Only the text belongs in the copy. Transcribe the data exactly and drop any pictures.

Available data:
= Beginning of Section =

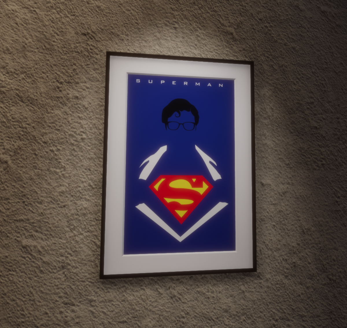 This original illustration captures reporter Clark Kent as he prepares to become the Man of Steel. The art is surrounded by a white matte and a sleek black metal frame. It is perfect for any superhero environment and a must-have for any true Superman fan.
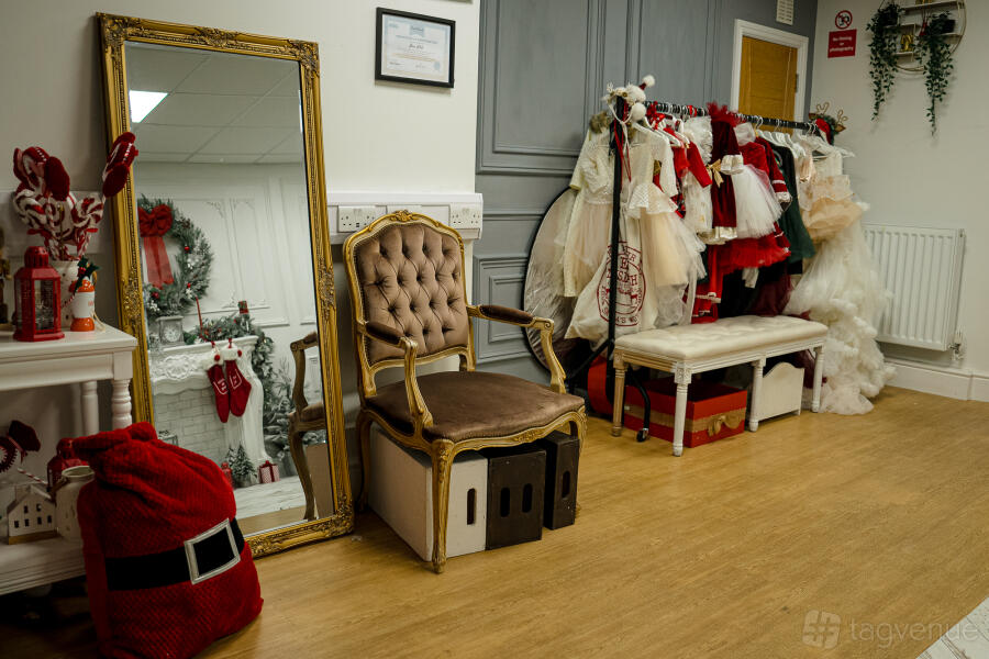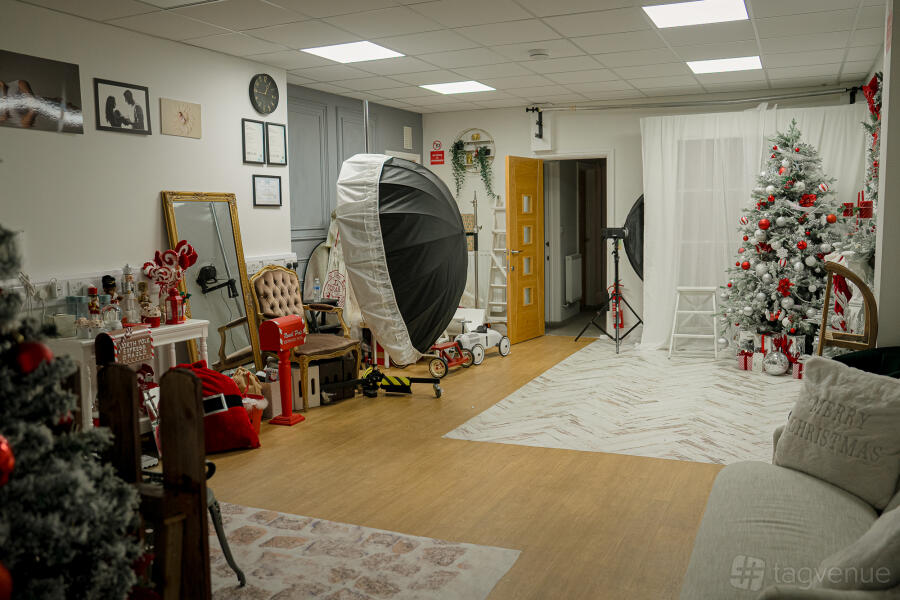 We offer premium thematic clothes for hire, as well as a range of Christmas props that are included in the price. The spacious layout allows for easy movement and flexibility, providing plenty of options for various angles and shots. With soft, adjustable lighting and four free parking spaces at the rear, our studio is designed to make your photoshoot experience stress-free and enjoyable.
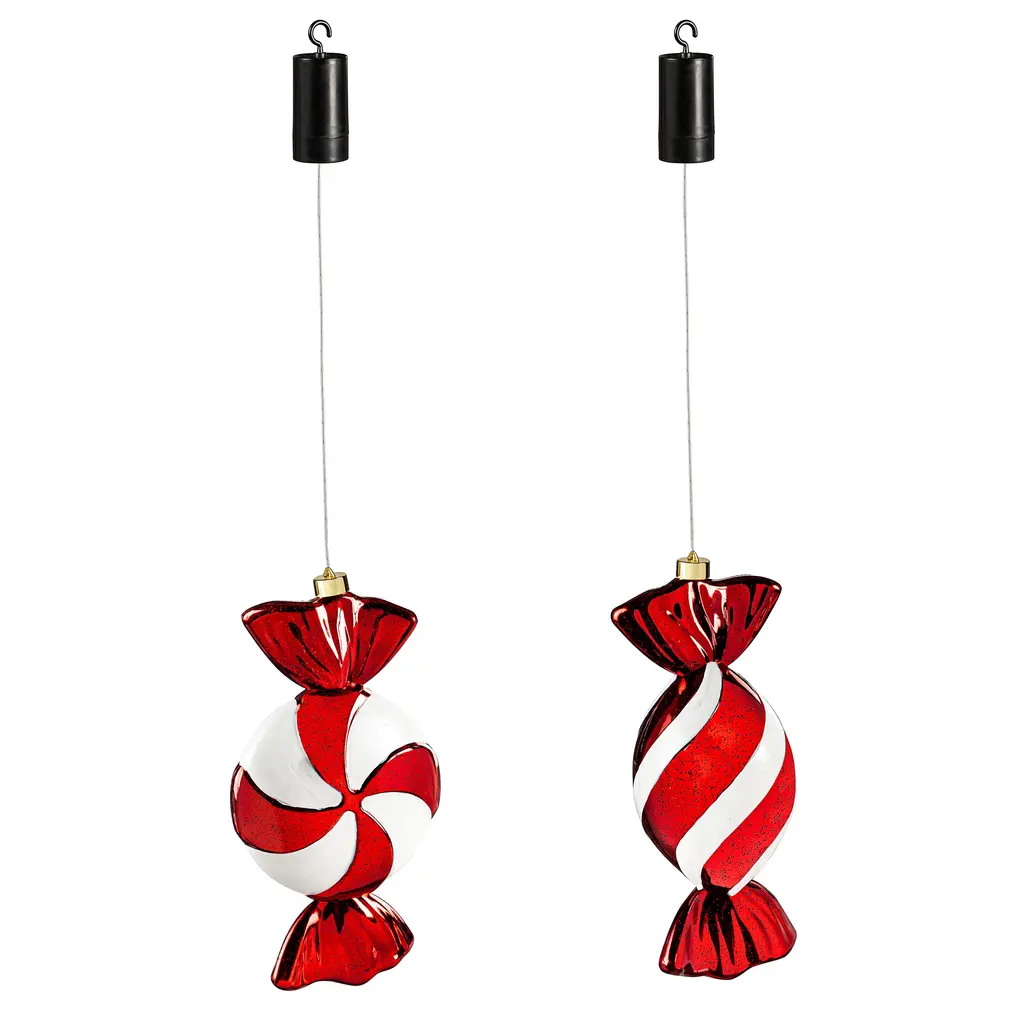 Add effortless elegance to your holiday home and landscape with our Shatterproof Lighted Large Candy Swirl Ornament. This stunning ornament looks great hanging on your porch, deck or inside your home. Ornament features an internal string of warm white LED lights that give this piece a mesmerizing look when the sun goes down. Lights are battery-operated on a timer: 6 hours on, 18 hours off for convenient nighttime operation. With the included hook and cord, it’s easy to hang to start creating your winter wonderland in no time. Requires 4x AA batteries, not included.
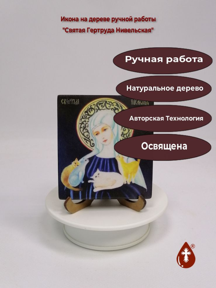 Освященная икона на дереве ручной работы "Святая Гертруда Нивельская, 9,5x10,5x1,8 см, арт В8332" представляет собой произведение мастерского искусства, созданное мастерами Семейной Мастерской "РОСА". Икона является авторской работой, что делает ее уникальной и ценной для любого верующего.

= End of Section =

Output of the task:
 This original illustration captures reporter Clark Kent as he prepares to become the Man of Steel. The art is surrounded by a white matte and a sleek black metal frame. It is perfect for any superhero environment and a must-have for any true Superman fan.
 We offer premium thematic clothes for hire, as well as a range of Christmas props that are included in the price. The spacious layout allows for easy movement and flexibility, providing plenty of options for various angles and shots. With soft, adjustable lighting and four free parking spaces at the rear, our studio is designed to make your photoshoot experience stress-free and enjoyable.
 Add effortless elegance to your holiday home and landscape with our Shatterproof Lighted Large Candy Swirl Ornament. This stunning ornament looks great hanging on your porch, deck or inside your home. Ornament features an internal string of warm white LED lights that give this piece a mesmerizing look when the sun goes down. Lights are battery-operated on a timer: 6 hours on, 18 hours off for convenient nighttime operation. With the included hook and cord, it’s easy to hang to start creating your winter wonderland in no time. Requires 4x AA batteries, not included.
 Освященная икона на дереве ручной работы "Святая Гертруда Нивельская, 9,5x10,5x1,8 см, арт В8332" представляет собой произведение мастерского искусства, созданное мастерами Семейной Мастерской "РОСА". Икона является авторской работой, что делает ее уникальной и ценной для любого верующего.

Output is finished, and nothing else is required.